Manual Voltage Control
The hand-operated field rheostat, shown in figure 1-21, is a typical example of manual voltage control. The field rheostat is connected in series with the shunt field circuit. This provides the simplest method of controlling the terminal voltage of a dc generator.
Figure 1-21.—Hand-operated field rheostat.
This type of field rheostat contains tapped resistors with leads to a multiterminal switch. The arm of the switch may be rotated to make contact with the various resistor taps. This varies the amount of resistance in the field circuit. Rotating the arm in the direction of the LOWER arrow (counterclockwise) increases the resistance and lowers the output voltage. Rotating the arm in the direction of the RAISE arrow (clockwise) decreases the resistance and increases the output voltage.
Most field rheostats for generators use resistors of alloy wire. They have a high specific resistance and a low temperature coefficient. These alloys include copper, nickel, manganese, and chromium. They are marked under trade names such as Nichrome, Advance, Manganin, and so forth. Some very large generators use cast-iron grids in place of rheostats, and motor-operated switching mechanisms to provide voltage control.
Automatic Voltage Control
Automatic voltage control may be used where load current variations exceed the built-in ability of the generator to regulate itself. An automatic voltage control device "senses" changes in output voltage and causes a change in field resistance to keep output voltage constant.
The actual circuitry involved in automatic voltage control will not be covered in this chapter. Whichever control method is used, the range over which voltage can be changed is a design characteristic of the generator. The voltage can be controlled only within the design limits.

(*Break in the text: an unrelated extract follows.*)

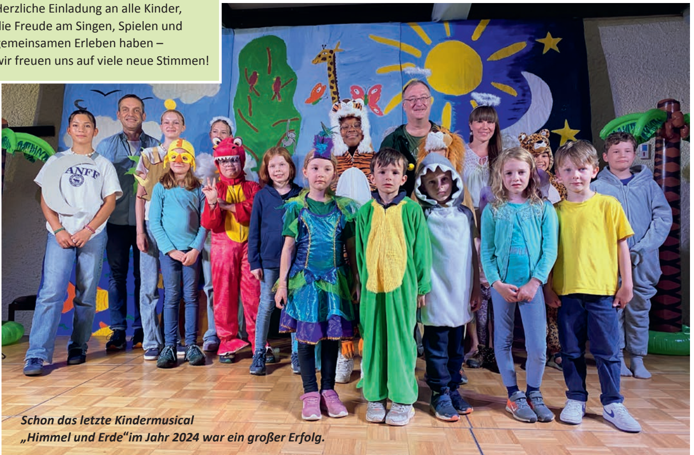
Schon das letzte Kindermusical „Himmel und Erde“ im Jahr 2024 war ein großer Erfolg.

PARALLEL OPERATION OF GENERATORS
When two or more generators are supplying a common load, they are said to be operating in parallel. The purpose of connecting generators in parallel is simply to provide more current than a single generator is capable of providing. The generators may be physically located quite a distance apart. However, they are connected to the common load through the power distribution system.
There are several reasons for operating generators in parallel. The number of generators used may be selected in accordance with the load demand. By operating each generator as nearly as possible to its rated capacity, maximum efficiency is achieved. A disabled or faulty generator may be taken off-line and replaced without interrupting normal operations.

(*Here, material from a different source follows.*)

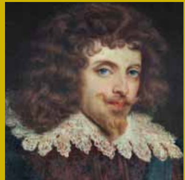
Honoré d'Urfé, huile sur toile, la Diana, dépôt au Château de la Bâtie d'Urfé

L'histoire d'Honoré d'Urfé est aussi riche en rebondissements que ses romans. Après une enfance plutôt calme dans le Forez, il connaît une existence mouvementée dans les rangs de la Ligue. Sa vie sentimentale est également tumultueuse. Amoureux de sa belle-sœur, Diane de Chateaufort, il finit par l'épouser en 1600.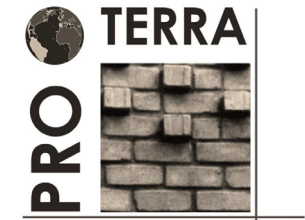
Red Iberoamericana de Arquitectura y Construcción con Tierra

Q21. What term applies to the use of two or more generators to supply a common load?
Amplidynes are special-purpose dc generators. They supply large dc currents, precisely controlled, to the large dc motors used to drive heavy physical loads, such as gun turrets and missile launchers.
The amplidyne is really a motor and a generator. It consists of a constant-speed ac motor (the prime mover) mechanically coupled to a dc generator, which is wired to function as a high-gain amplifier (an amplifier is a device in which a small input voltage can control a large current source). For instance, in a normal dc generator, a small dc voltage applied to the field windings is able to control the output of the generator. In a typical generator, a change in voltage from 0-volt dc to 3-volts dc applied to the field winding may cause the generator output to vary from 0-volt dc to 300-volts dc. If the 3 volts applied to the field winding is considered an input, and the 300 volts taken from the brushes is an output, there is a gain of 100. Gain is expressed as the ratio of output to input:
In this case 300 V ÷ 3 V = 100. This means that the 3 volts output is 100 times larger than the input. The following paragraphs explain how gain is achieved in a typical dc generator and how the modifications making the generator an amplidyne increase the gain to as high as 10,000.

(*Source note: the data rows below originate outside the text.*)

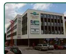
eFi Obchodní Galerie, byty a kanceláře - Jihlava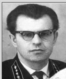
В должности старшего следователя прокуратуры.

«Старики потому так любят давать хорошие советы, что уже не способны подавать плохие примеры».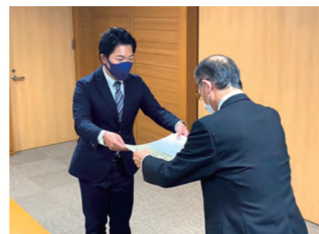
当選証書授与式の様子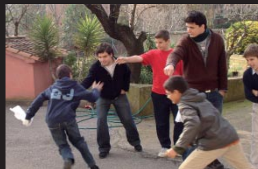
Grup d'infants Amics de Jesús

The schematic diagram in figure 1-22 shows a separately excited dc generator. Because of the 10- volt controlling voltage, 10 amperes of current will flow through the 1-ohm field winding. This draws 100 watts of input power (P = IE).
Figure 1-22.—Ordinary dc generator.
Assume that the characteristics of this generator enable it to produce approximately 87 amperes of armature current at 115 volts at the output terminals. This represents an output power of approximately 10,000 watts (P = IE). You can see that the power gain of this generator is 100. In effect, 100 watts controls 10,000 watts.
An amplidyne is a special type of dc generator. The following changes, for explanation purposes, will convert the typical dc generator above into an amplidyne.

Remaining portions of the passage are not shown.